City staff presented a prototype Measure U metrics dashboard to the Measure U Community Advisory Committee on Jan. 26, outlining program- and department-level spending and performance data for the period July 1–Sept. 30, 2025.
Ash, a city staff member managing the dashboard, said the tool uses "progressive disclosure" so users can drill from department totals into program-level metrics. He told commissioners the dashboard now adopts the city council's priorities—economic development, public safety and homelessness—labeling them as "categories" rather than the commission's earlier "priorities." "This dashboard is a working prototype for feedback and review. All data and information presented are preliminary and subject to change," Ash said.

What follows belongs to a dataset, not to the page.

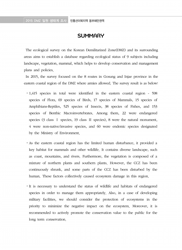 2015 DMZ 일원 생태계 조사 민통선이북지역 동부해안권역 SUMMARY The ecological survey on the Korean Demilitarized Zone DMZ and its surrounding areas aims to establish a database regarding ecological status of 9 subjects including landscape, vegetation, mammal, which helps to develop conservation and management plans and policies. In 2015, the survey focused on the 8 routes in Gosung and Injae province in the eastern co...

The dashboard displayed $39,600,000 in Measure U-related funding spread across categories: about $25,500,000 for community response and roughly $14,100,000 for homelessness (staff identified those as the two largest category groupings shown on the screen). Ash demonstrated program details, including the Office of Community Outreach (reported as roughly $3.7 million in program value and an authorized 25 FTEs) and a first-quarter value of 20,663 cases opened during the reporting window.

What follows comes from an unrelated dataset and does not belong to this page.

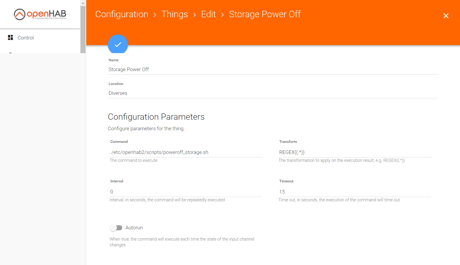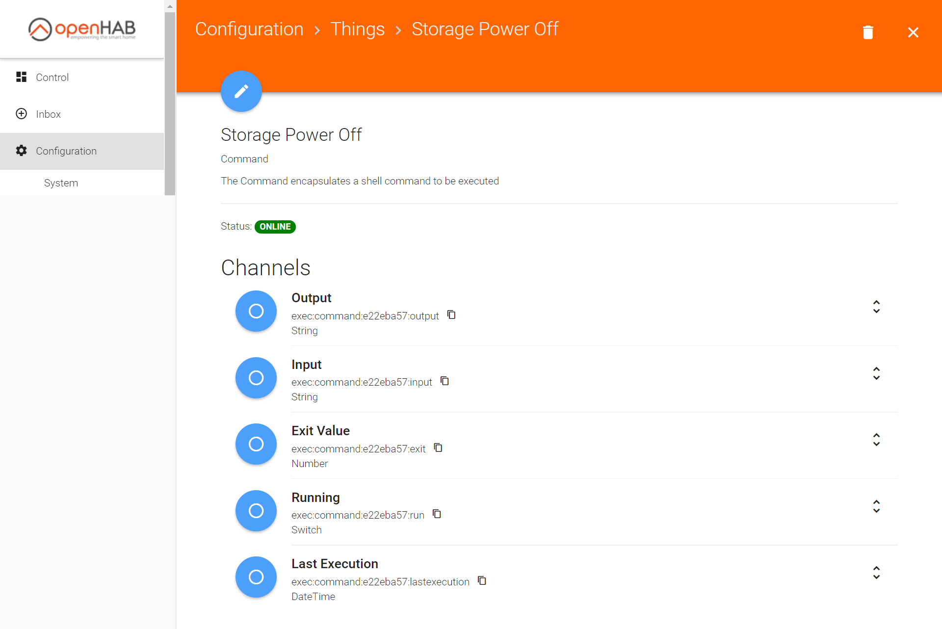 Thing exec:command:storage_power_off “Storage Power Off” [command=“/etc/openhab2/scripts/storage_poweroff.sh”, interval=0, timeout=15, autorun=false]

Commissioners welcomed the interface but asked for clarifications about units, definitions and how to make the dashboard meaningful for residents and policy decisions. "If I go to this website, a normal person doesn't drill into it. They just say, 'Oh, Measure U is spending $14 million on homelessness,'" Commissioner Cook said, urging staff to surface aggregate measures that explain how category and program values relate.
Cook pressed for a way to estimate the "cost per encounter"—for example, dividing a category budget by a program metric to produce a per-unit cost. Ash cautioned that a simple division risks misleading results unless program boundaries, overlapping services, and outside funding (including state grants) are accounted for. "We have to also account for all of these other metrics and there may be other programs that are specifically addressing those objectives," Ash said, noting that state funding and grant offsets complicate a straightforward per-unit calculation.
Commissioners also flagged missing metric definitions and inconsistent calculations of "FTE as a percent of budget." Ash acknowledged gaps in metric descriptions and said some metric frequencies (quarterly vs. weekly) differ by program; he pointed commissioners to a weekly homelessness dashboard (homeless.safesacramento.org) for more granular case-open/close counts and to inform future improvements.
The commission asked staff to provide: clearer labels for "value" and units; a glossary of metric definitions; program-level metrics in addition to department-level aggregates; and options for showing open versus closed cases. Staff agreed to gather the feedback, to refine metric definitions with the new city manager's performance framework, and to bring an updated dashboard to a future meeting.
The broader goal, commissioners said, is to convert the new interface into a tool that supports budget recommendations and public outreach. "The goal here was to get feedback," Ash said, adding that staff will continue to refine the dashboard based on commissioner input and additional quarterly data.